Characterization of PAC by SI values requires meticulous interpretation. Some previous studies demonstrated that instantaneous, filtering- and Hilbert-based methods to evaluate PAC can potentially lead to spurious estimates of the relation between phase and amplitude24–26. For the local field potential (LFP) in the subthalamic nucleus of Parkinson's disease, the nonsinusoidally sharp waveform in the LFP leads to high estimated PAC values given the relation between instantaneous phase and amplitude27. Such a sharp waveform is the characteristic of the waveform of Parkinson’s disease. Therefore, even when high SI values relate to the characteristic waveform, high SI values indicate Parkinson’s disease. Although an evaluation of whether the evaluated SI values represent the true PAC is valuable, as Aru et al. discussed in their review of PAC, the evaluated PAC values are useful as a biomarker even when they have the characteristics of a nonsinusoidal waveform28.

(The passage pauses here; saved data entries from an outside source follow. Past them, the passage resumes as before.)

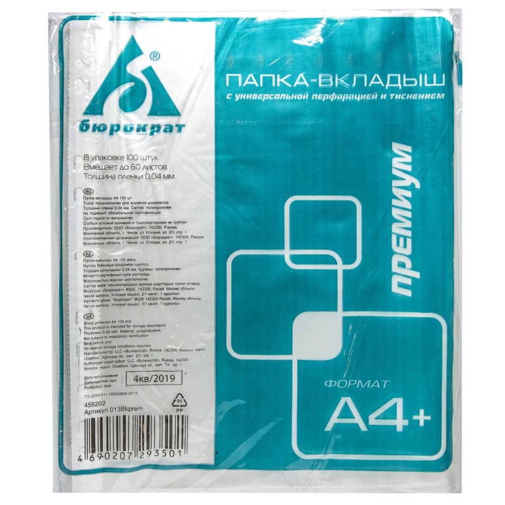 Файл с перфорацией А4+ премиум тисн./ 0,04мм / 100 шт/уп., тиснение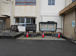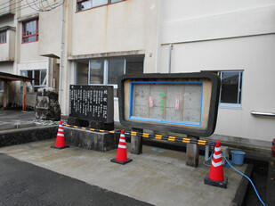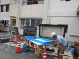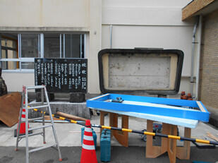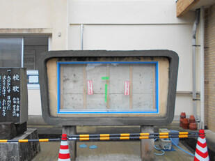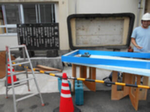 中の木枠がかなり年数が経って痛んでいるいるので、業者の人による修繕が進んでいます。まだ、完成ではありませんが、学校による機会があれば、きれいになった掲示板をご覧ください。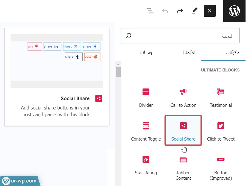 يسمح لك هذا المكون إضافة أزرار لمشاركة المحتوى على مختلف وسائل التواصل الاجتماعي مما يسهل على الزوار نشر محتوى الموقع ويسهم في زيادة انتشاره.

Notably, the observed PAC for alpha–gamma coupling (Fig. 3) showed SI values that were significantly larger than the phase-shuffled SI values. In addition, the SI values for alpha–gamma coupling were larger than those for beta–gamma coupling in the frontal and occipital cortices, especially for couplings with low gamma-band amplitude (Fig. 3). These data are consistent with the findings of previous studies showing significant alpha–gamma coupling in the sensorimotor cortex11,29 and in the visual cortex30. However, in the comparison across participants’ entire brains, no significance for alpha–gamma coupling was found (P > 0.05, false discovery rate corrected), which is not surprising given the low t values for SI values for alpha–gamma PAC. Therefore, beta–gamma PAC, and not alpha–gamma PAC, is suggested to be a biomarker of Parkinson's disease.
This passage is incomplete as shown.